[LU-10361] Ubuntu1404 client sanity test_205: FAIL: No jobstats for id.205.mkdir.19052 found on mds Created: 07/Oct/16 Updated: 17/Mar/20 Resolved: 17/Mar/20 |
|
| Status: | Resolved |
| Project: | Lustre |
| Component/s: | None |
| Affects Version/s: | None |
| Fix Version/s: | None |
| Type: | Bug | Priority: | Minor |
| Reporter: | Sarah Liu | Assignee: | Emoly Liu |
| Resolution: | Cannot Reproduce | Votes: | 0 |
| Labels: | None | ||
| Environment: |
server: EE3.1 tag-2.7.18.2 build#115 RHEL7.2 ldiskfs |
||
| Attachments: |
|
| Severity: | 3 |
| Rank (Obsolete): | 9223372036854775807 |
| Description |
|
client info root@onyx-23vm1:/tmp/test_logs/2016-10-06/171222# uname -a Linux onyx-23vm1.onyx.hpdd.intel.com 3.19.0-33-generic #38~14.04.1-Ubuntu SMP Fri Nov 6 18:17:28 UTC 2015 x86_64 x86_64 x86_64 GNU/Linux root@onyx-23vm1:/tmp/test_logs/2016-10-06/171222# lctl get_param version version= lustre: 2.7.18.2 kernel: patchless_client build: jenkins-arch=x86_64,build_type=client,distro=ubuntu1404,ib_stack=inkernel-115--PRISTINE-3.19.0-33-generic root@onyx-23vm1:/tmp/test_logs/2016-10-06/171222# test log == sanity test 205: Verify job stats ============================================ ====================== 18:26:39 (1475803599) Waiting 90 secs for update Updated after 9s: wanted 'nodelocal' got 'nodelocal' Registered as changelog user cl5 mdt.lustre-MDT0000.job_cleanup_interval=5 jobid_name=id.205.mkdir.19052 Test: mkdir /mnt/lustre/d205.sanity Using JobID environment variable nodelocal=id.205.mkdir.19052 onyx-27: error: get_param: *//job_stats: Found no match onyx-27: error: get_param: *//job_stats: Found no match sanity test_205: @@@@@@ FAIL: No jobstats for id.205.mkdir.19052 found on mds::: *..job_stats Trace dump: = /usr/lib64/lustre/tests/test-framework.sh:4805:error_noexit() |
| Comments |
| Comment by Sarah Liu [ 07/Oct/16 ] |
|
please see attached for logs |
| Comment by Evan D. Chen (Inactive) [ 07/Oct/16 ] |
|
Emoly, can you take a look of this issue?
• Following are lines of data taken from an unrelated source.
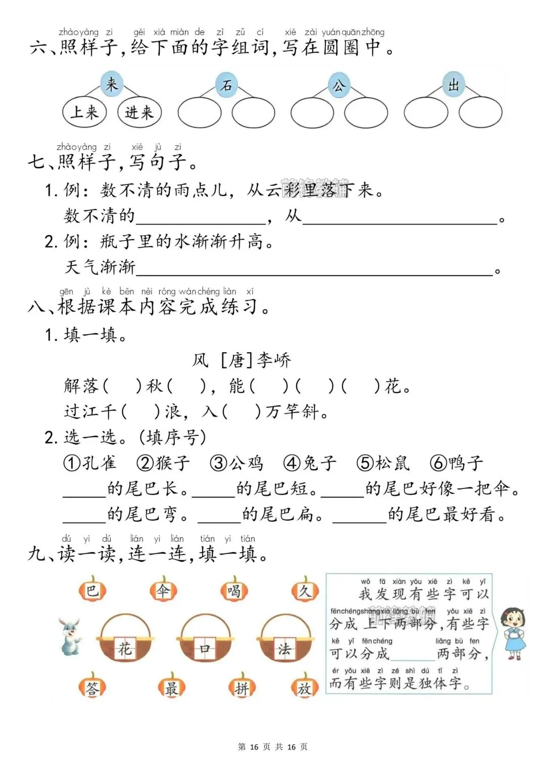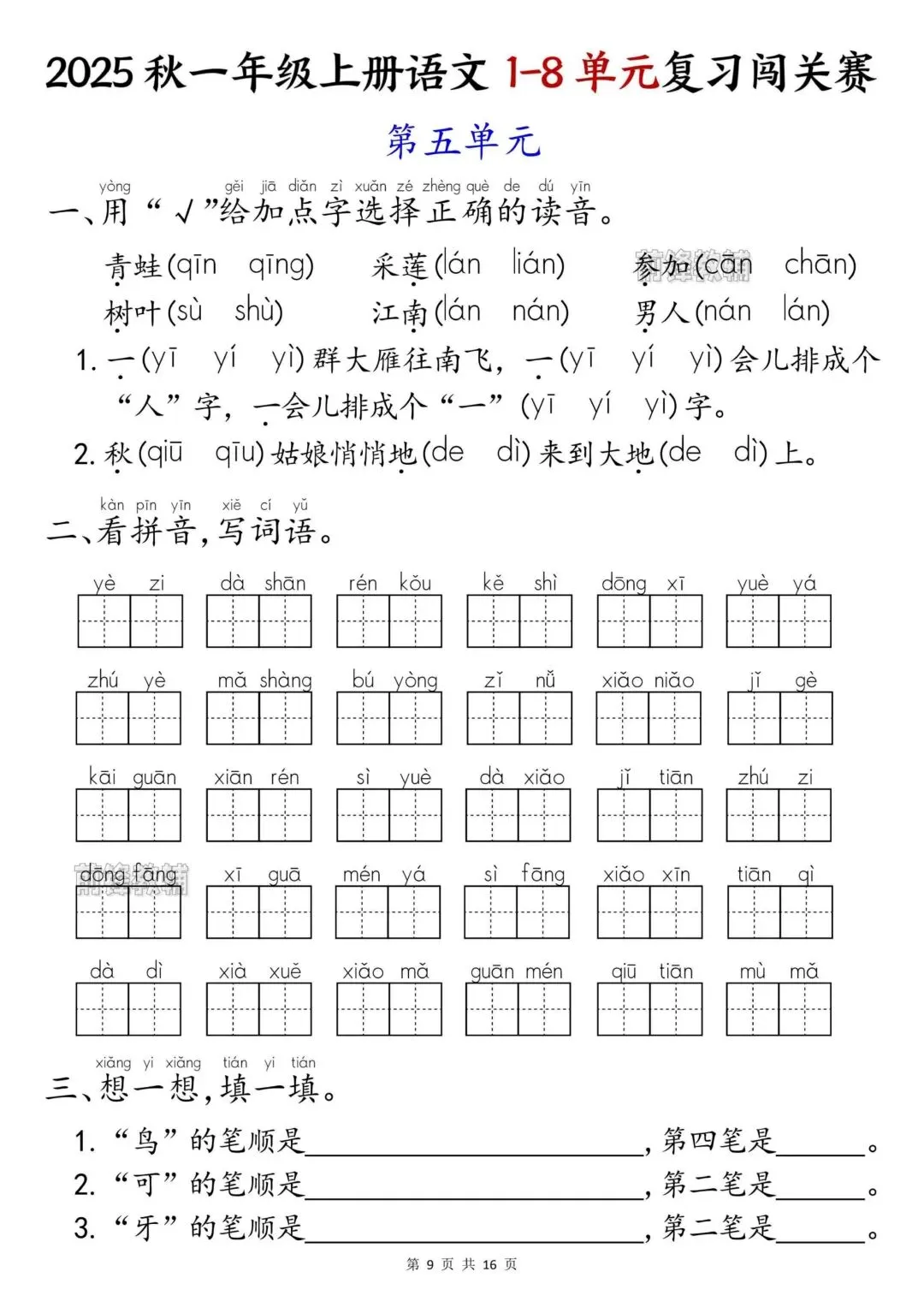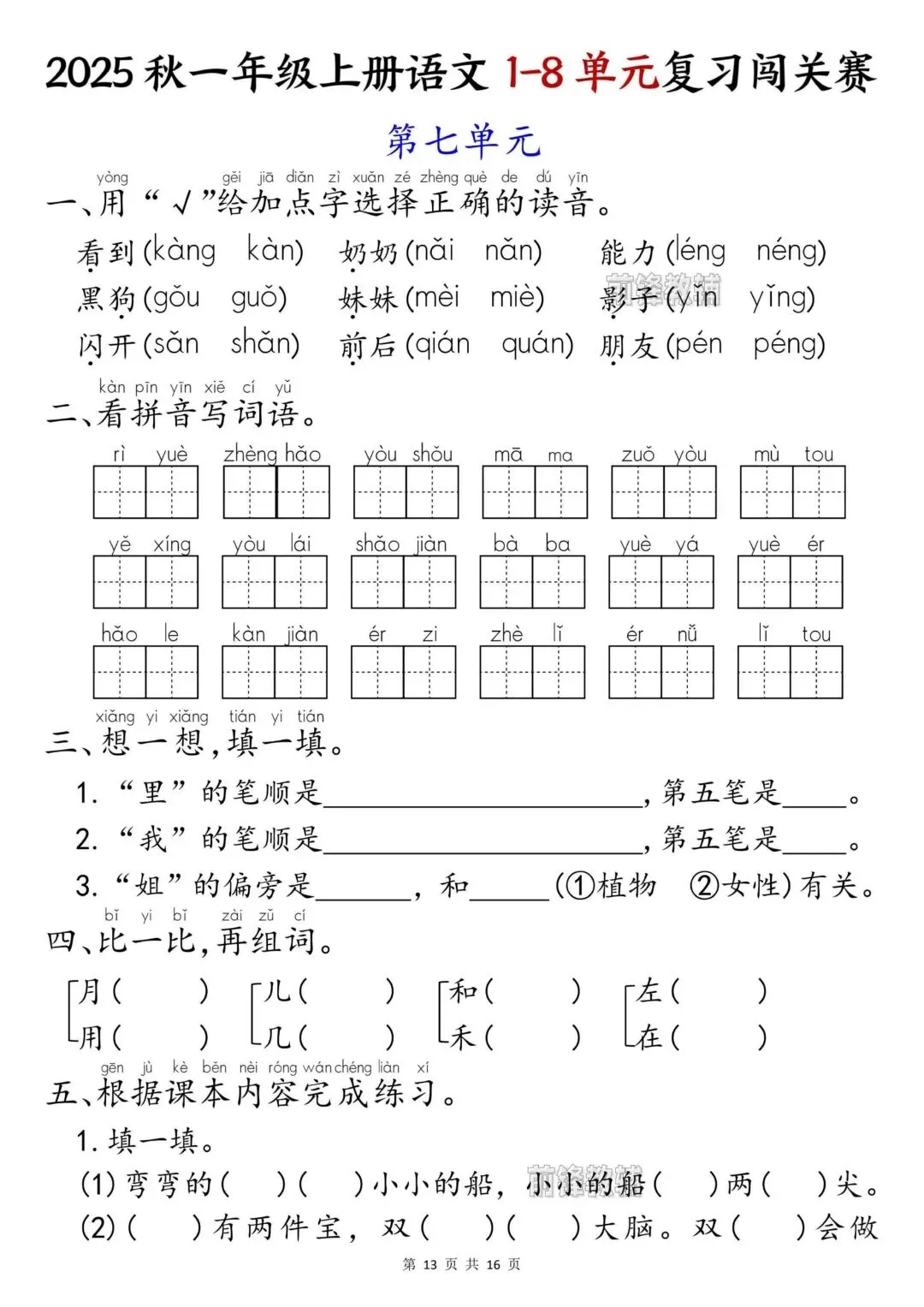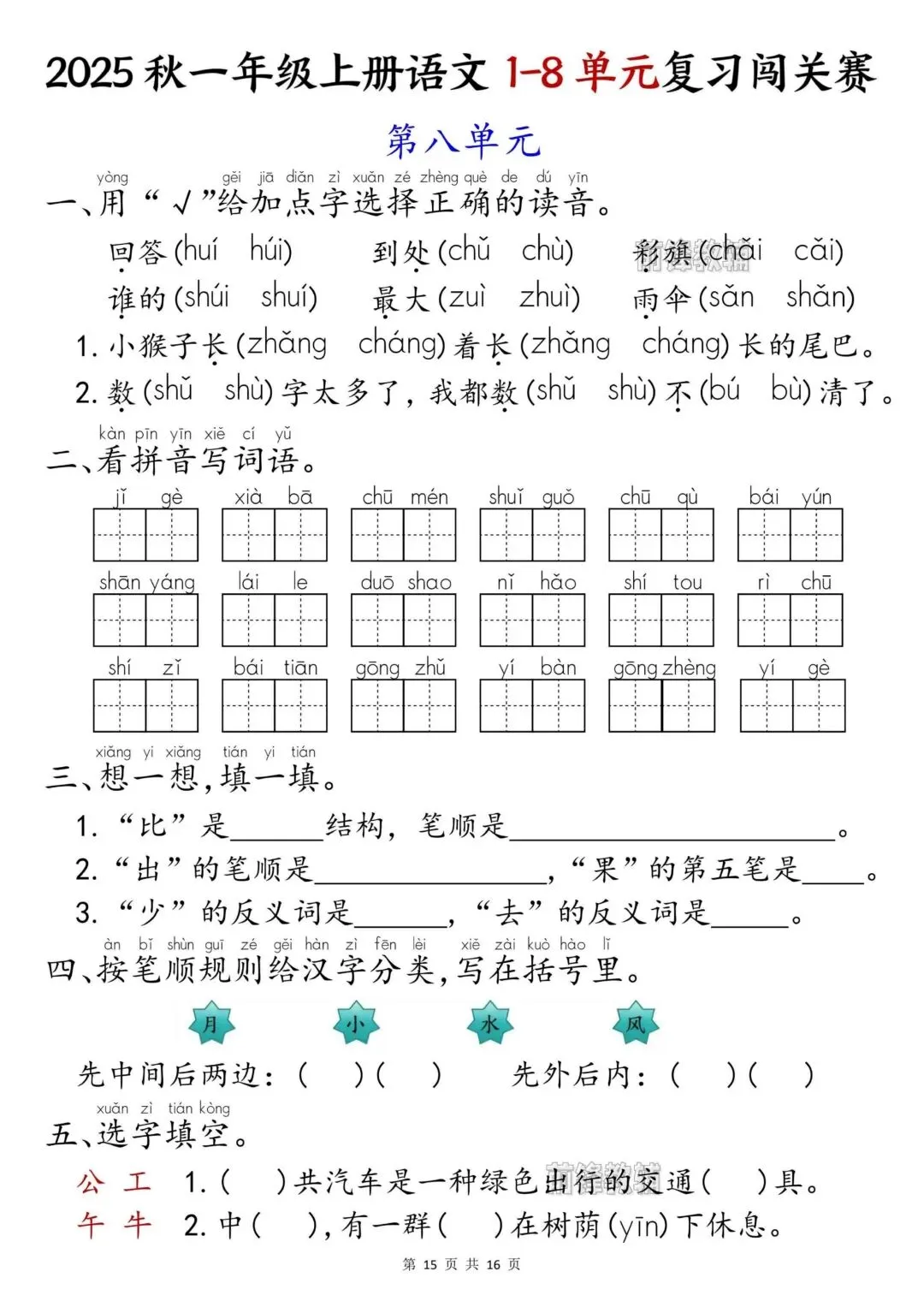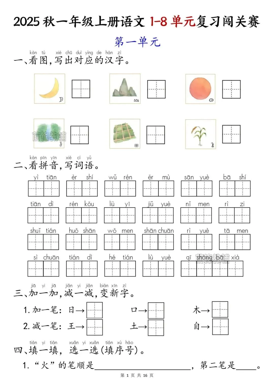 >一年级上册语文1-8单元重点汇总复习资料电子版可打印!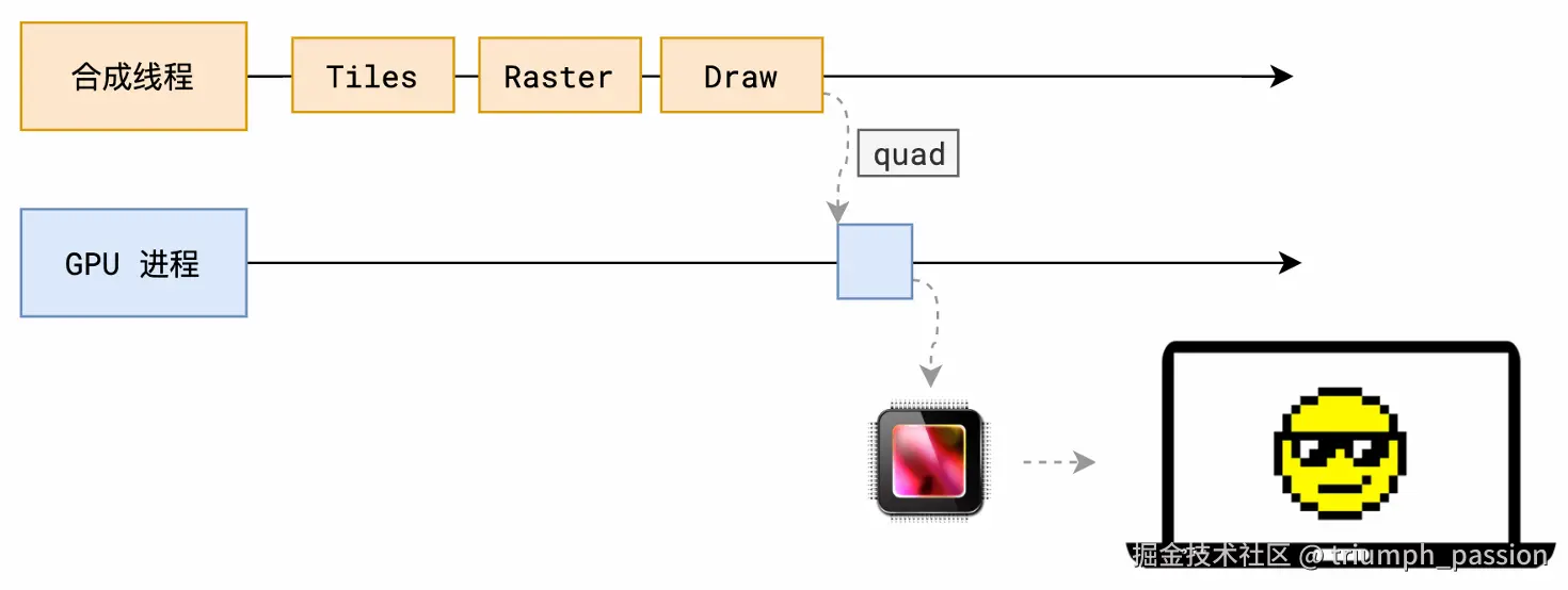 合成线程会把 quad 提交给 GPU 进程,由 GPU 进程产生系统调用,提交给 GPU 硬件,完成最终的屏幕成像。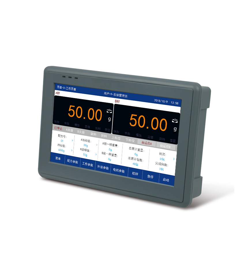 GM9907-L2是針對單秤增量法自動定量包裝秤而專門開發(fā)的一款智能包裝稱重儀表,具有靈活的邏輯輔助編程功能以及更為友好的人機界面,極大的提升了客戶的應用便利性,可廣泛應用于糧食、飼料、種子、化工等需要定量包裝設備的行業(yè)。● 7寸全彩觸摸屏,中/英文顯示,界面美觀大方,操作簡便● 標配網(wǎng)口及雙路串口,方便物聯(lián)與數(shù)據(jù)交換● 自帶USB接口,可用于導入、導出各類參數(shù)及統(tǒng)計數(shù)據(jù);亦可用于產(chǎn)品升級及開機畫

Thanks! |
| Comment by Emoly Liu [ 14/Oct/16 ] |
|
This issue was caused by a wrong "$(convert_facet2label $facet)" output, what's why we got "*..job_stats" there. sarah, I built a ubuntu 3.13.0-32-generic 1404 on my local VM, I can mount a client but can't run any test scripts due to some issues. So can I access your ubuntu env? Or can you reproduce this issue with "sh -x", I want to see what happened to convert_facet2label? Thanks. |
| Comment by Sarah Liu [ 14/Oct/16 ] |
|
Hello Emoly, Sorry but I will be out of office next week, so cannot get back to you promptly. The best suggestion I could have is logging on ONYX and set up the env there. Here is an example of what I did to setup the Ubuntu client env, hope this is helpful. 1. provision Ubuntu client by loadjenkins command
loadjenkinsbuild -p test -d ubuntu1404 -a x86_64 -n xx -r
2. install the matched kernel which lustre client based on
apt-get install linux-image-xxx-generic # I think the kernel version should be "3.19.0-33-generic"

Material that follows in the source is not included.